• WHAT THE TASK ASKS:
Would you return every line of the listing below that has "Jonesport" in it?

• RECORDS:
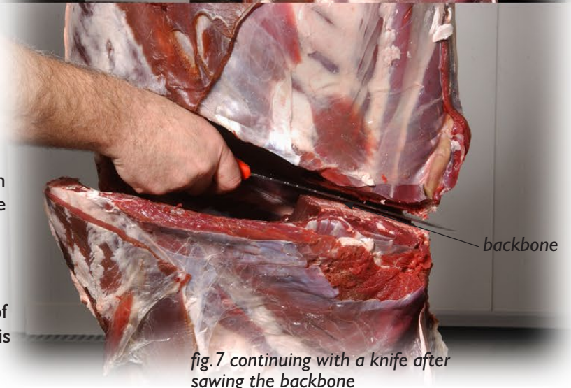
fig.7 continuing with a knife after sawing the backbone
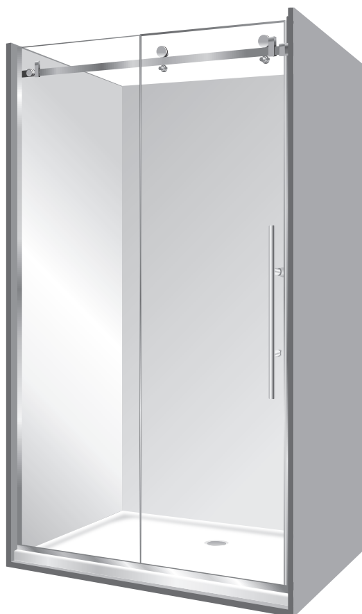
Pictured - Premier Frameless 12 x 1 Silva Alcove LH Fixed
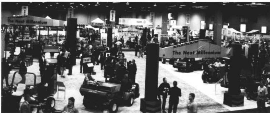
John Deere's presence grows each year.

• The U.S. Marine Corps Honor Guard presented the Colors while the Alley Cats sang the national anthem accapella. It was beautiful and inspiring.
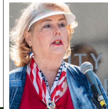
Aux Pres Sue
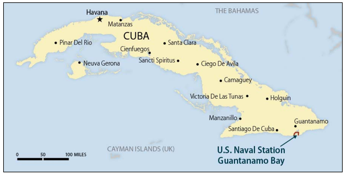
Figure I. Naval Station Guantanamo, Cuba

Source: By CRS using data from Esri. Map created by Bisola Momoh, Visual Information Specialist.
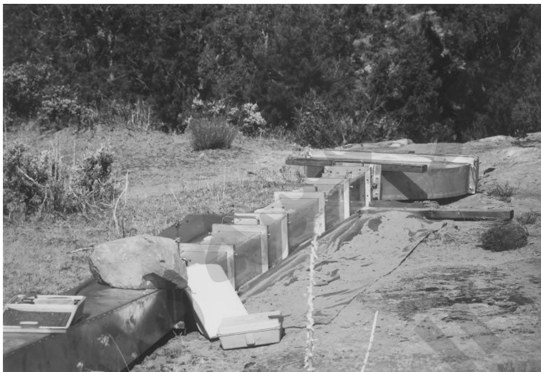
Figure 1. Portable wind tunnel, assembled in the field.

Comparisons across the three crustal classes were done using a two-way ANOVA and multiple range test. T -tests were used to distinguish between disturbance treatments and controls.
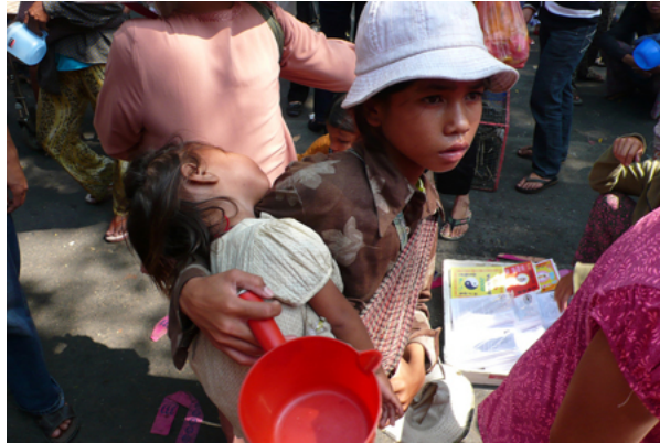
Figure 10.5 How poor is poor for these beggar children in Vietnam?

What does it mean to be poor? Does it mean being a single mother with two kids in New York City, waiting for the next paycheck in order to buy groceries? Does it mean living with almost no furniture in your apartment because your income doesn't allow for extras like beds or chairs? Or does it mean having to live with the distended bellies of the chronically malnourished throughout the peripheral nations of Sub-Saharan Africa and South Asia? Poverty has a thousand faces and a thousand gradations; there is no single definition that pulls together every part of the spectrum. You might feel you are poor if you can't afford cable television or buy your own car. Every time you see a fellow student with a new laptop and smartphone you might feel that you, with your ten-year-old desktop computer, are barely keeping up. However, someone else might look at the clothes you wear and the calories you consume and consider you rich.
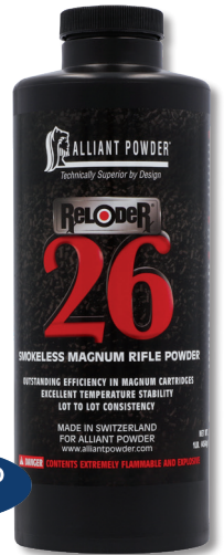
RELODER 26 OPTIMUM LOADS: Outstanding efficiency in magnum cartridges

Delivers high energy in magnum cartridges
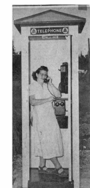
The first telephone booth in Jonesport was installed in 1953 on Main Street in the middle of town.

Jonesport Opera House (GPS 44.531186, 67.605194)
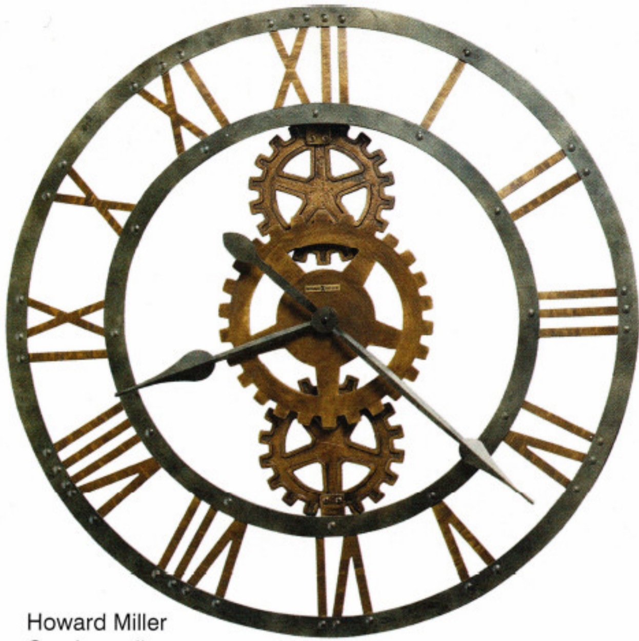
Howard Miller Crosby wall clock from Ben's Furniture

• THE ANSWER:
The first telephone booth in Jonesport was installed in 1953 on Main Street in the middle of town.
Jonesport Opera House (GPS 44.531186, 67.605194)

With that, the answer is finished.